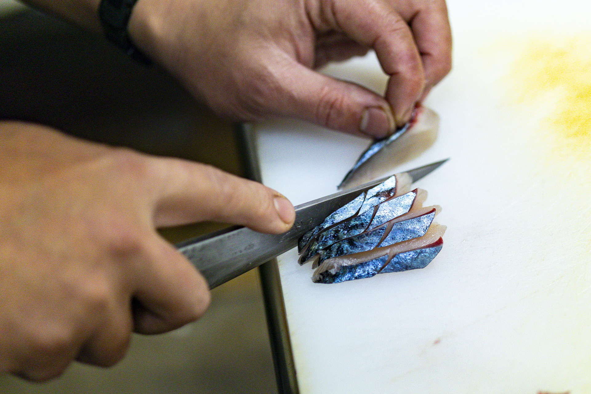 その新鮮さと味に太鼓判を押す弘法さん。「水揚げした後に、すぐさばいておろすので、えんの場合、早いと締めて5分後にはお刺身になることも。だから、すごくおいしいんです」。
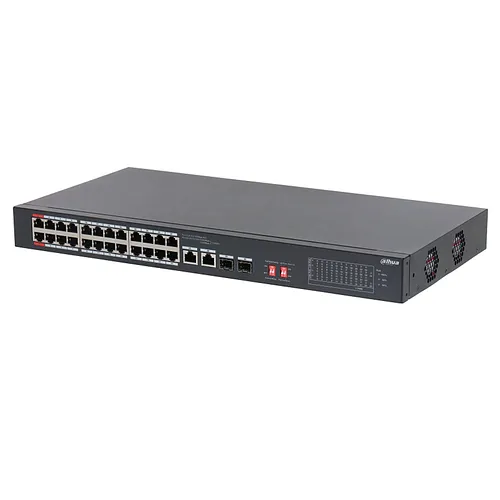 Vista rápida [DH-S3226-24ET-240] Dahua - Switch PoE para Montaje en Rack de 26 Puertos con 24 Puertos PoE (10/100 Mbps) 2 Puertos Uplink (Gigabit) y 2 Puertos SFP (Gigabit) Carcasa Metálica Total PoE 240W [No Administrable] US$ 493.99
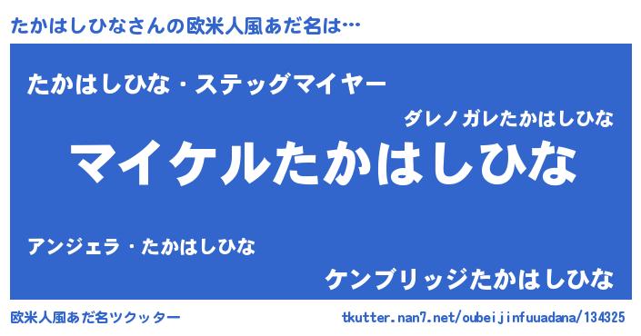 | 男性向けラノベタイトル風あだ名 | 『タカハシヒナアートオンライン』 |
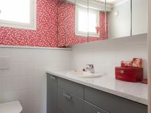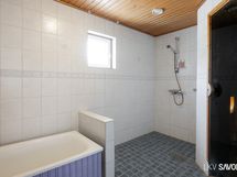 - Pesutilojen varusteet: Suihku (2 kpl), kylpyamme (irto) ja lattialämmitys (sähköinen). Erillisten WC:n lukumäärä: 2. Erillisen WC:n varusteet: WC-istuin, peilikaappi, pesuallas, allaskaappi, bidee-suihku ja lattialämmitys. Erillisen WC:n kuvaus: Yläkerran wc:
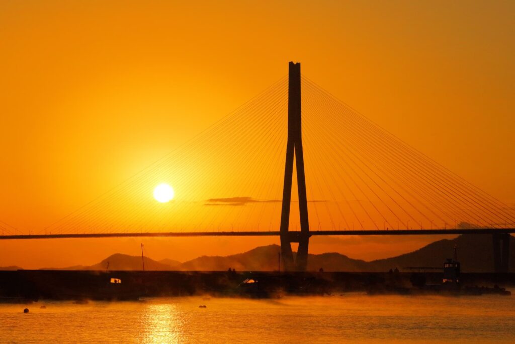しまなみ海道を構成する橋で、中央支間長が890mと完成当時(1999年)は世界最長の斜張橋でした。当初は吊り橋として計画されていたものの、斜張橋技術の急激な進歩により斜張橋に変更された、というエピソードがあります。
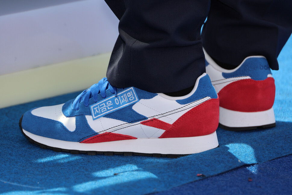 이재명 더불어민주당 대통령 후보가 6·3 대통령선거 공식 선거운동 첫날인 12일 서울 광화문 청계광장에서 열린 중앙선대위 출정식 및 첫 유세에서 ‘지금은 이재명’이라는 문구가 붙은 운동화를 신고 있다. 연합뉴스 |
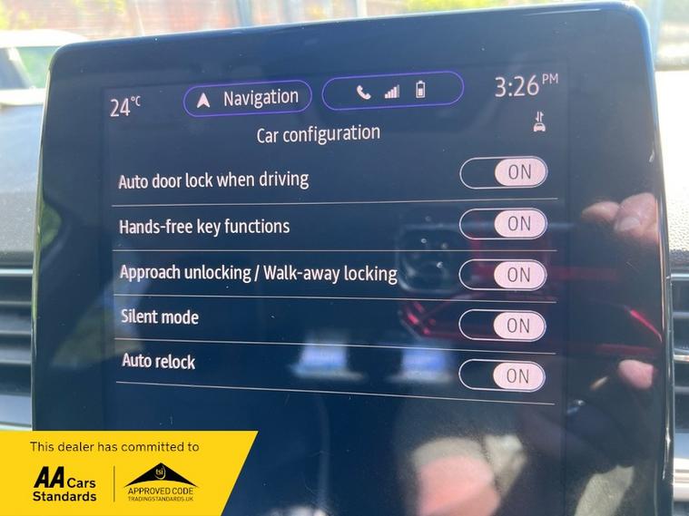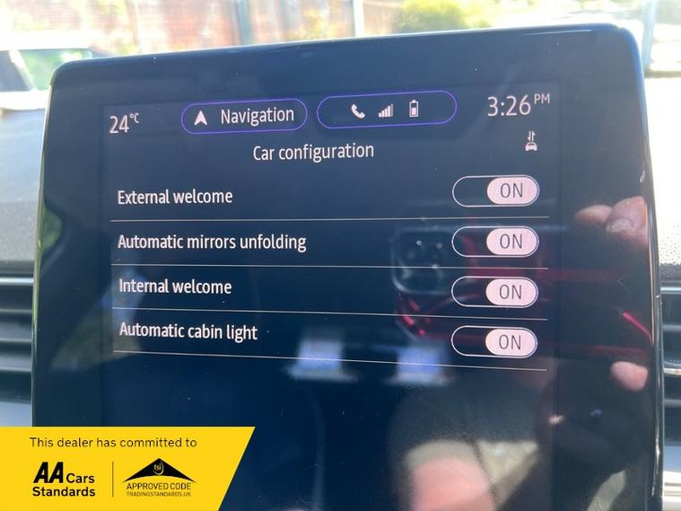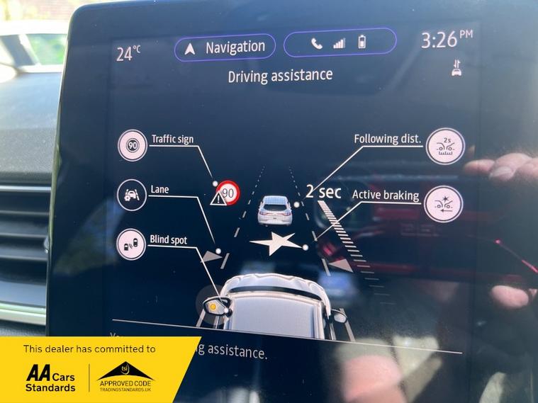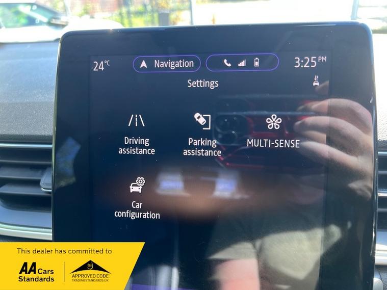 ONLY 1 PREVIOUS OWNER WITH FSH. GREAT SPECIFICATION - ANDROID AUTO AND APPLE CAR PLAY. REVERSING CAMERA. UPGRADED 10' SCREEN OPTION. PARTIAL LEATHER INTERIOR. TOUCHSCREEN MEDIA CENTRE WITH SATNAV, BLUETOOTH PHONE PREPARATION, DAB SOUND, USB CONNECTIONS. . CLIMATE CONTROL. ADAPTIVE CRUISE CONTROL. FRONT AND REAR PARKING SENSORS. ISOFIX CHILD SEAT FASTENINGS. KEYLESS ENTRY AND START. LANE DEPARTURE WARNING SYSTEM. ACTIVE BRAKING. BLINDSPOT WARNING SYSTEM. TRAFFIC SIGN RECOGNITION. PRIVACY GLASS. AUTO LED LIGHTS. AUTO WIPERS. RENAULT 'MULTISENSE' - DRIVING MOODS AND INTERIOR AMBIENT LIGHTING. FULL ELECTRIC PACK INC FOLDAWAY WING MIRRORS. 17' BAHAMAS DIAMOND CUT ALLOY WHEELS. ADJUSTABLE FRONT ARMREST. SPARE KEYSET PRESENT. AA APPROVED DEALER. 12 MONTH AA FREE BREAKDOWN COVER. DRIVE AWAY INSURANCE (SUBJECT TO STATUS AT COST). FINANCE OPTIONS AVAILABLE. OPEN 6 DAYS AND SUNDAYS BY APPOINTMENT. 01925372539 OPEN 6 DAYS AS WELL AS SUNDAYS AND EVENINGS BY PRIOR APPOINTMENT. PLEASE PHONE FOR FURTHER DETAILS. FINANCE AVAILABLE AT COMPETITIVE RATES, WARRANTY AVAILABLE ON ALL VEHICLES, OPEN 6 DAYS.

> **AIM OF THE EXERCISE**: Set each line of the records down exactly, leaving every picture out.

> **TASK OUTPUT**:
 その新鮮さと味に太鼓判を押す弘法さん。「水揚げした後に、すぐさばいておろすので、えんの場合、早いと締めて5分後にはお刺身になることも。だから、すごくおいしいんです」。
 Vista rápida [DH-S3226-24ET-240] Dahua - Switch PoE para Montaje en Rack de 26 Puertos con 24 Puertos PoE (10/100 Mbps) 2 Puertos Uplink (Gigabit) y 2 Puertos SFP (Gigabit) Carcasa Metálica Total PoE 240W [No Administrable] US$ 493.99
 | 男性向けラノベタイトル風あだ名 | 『タカハシヒナアートオンライン』 |
 - Pesutilojen varusteet: Suihku (2 kpl), kylpyamme (irto) ja lattialämmitys (sähköinen). Erillisten WC:n lukumäärä: 2. Erillisen WC:n varusteet: WC-istuin, peilikaappi, pesuallas, allaskaappi, bidee-suihku ja lattialämmitys. Erillisen WC:n kuvaus: Yläkerran wc:
しまなみ海道を構成する橋で、中央支間長が890mと完成当時(1999年)は世界最長の斜張橋でした。当初は吊り橋として計画されていたものの、斜張橋技術の急激な進歩により斜張橋に変更された、というエピソードがあります。
 이재명 더불어민주당 대통령 후보가 6·3 대통령선거 공식 선거운동 첫날인 12일 서울 광화문 청계광장에서 열린 중앙선대위 출정식 및 첫 유세에서 ‘지금은 이재명’이라는 문구가 붙은 운동화를 신고 있다. 연합뉴스 |
 ONLY 1 PREVIOUS OWNER WITH FSH. GREAT SPECIFICATION - ANDROID AUTO AND APPLE CAR PLAY. REVERSING CAMERA. UPGRADED 10' SCREEN OPTION. PARTIAL LEATHER INTERIOR. TOUCHSCREEN MEDIA CENTRE WITH SATNAV, BLUETOOTH PHONE PREPARATION, DAB SOUND, USB CONNECTIONS. . CLIMATE CONTROL. ADAPTIVE CRUISE CONTROL. FRONT AND REAR PARKING SENSORS. ISOFIX CHILD SEAT FASTENINGS. KEYLESS ENTRY AND START. LANE DEPARTURE WARNING SYSTEM. ACTIVE BRAKING. BLINDSPOT WARNING SYSTEM. TRAFFIC SIGN RECOGNITION. PRIVACY GLASS. AUTO LED LIGHTS. AUTO WIPERS. RENAULT 'MULTISENSE' - DRIVING MOODS AND INTERIOR AMBIENT LIGHTING. FULL ELECTRIC PACK INC FOLDAWAY WING MIRRORS. 17' BAHAMAS DIAMOND CUT ALLOY WHEELS. ADJUSTABLE FRONT ARMREST. SPARE KEYSET PRESENT. AA APPROVED DEALER. 12 MONTH AA FREE BREAKDOWN COVER. DRIVE AWAY INSURANCE (SUBJECT TO STATUS AT COST). FINANCE OPTIONS AVAILABLE. OPEN 6 DAYS AND SUNDAYS BY APPOINTMENT. 01925372539 OPEN 6 DAYS AS WELL AS SUNDAYS AND EVENINGS BY PRIOR APPOINTMENT. PLEASE PHONE FOR FURTHER DETAILS. FINANCE AVAILABLE AT COMPETITIVE RATES, WARRANTY AVAILABLE ON ALL VEHICLES, OPEN 6 DAYS.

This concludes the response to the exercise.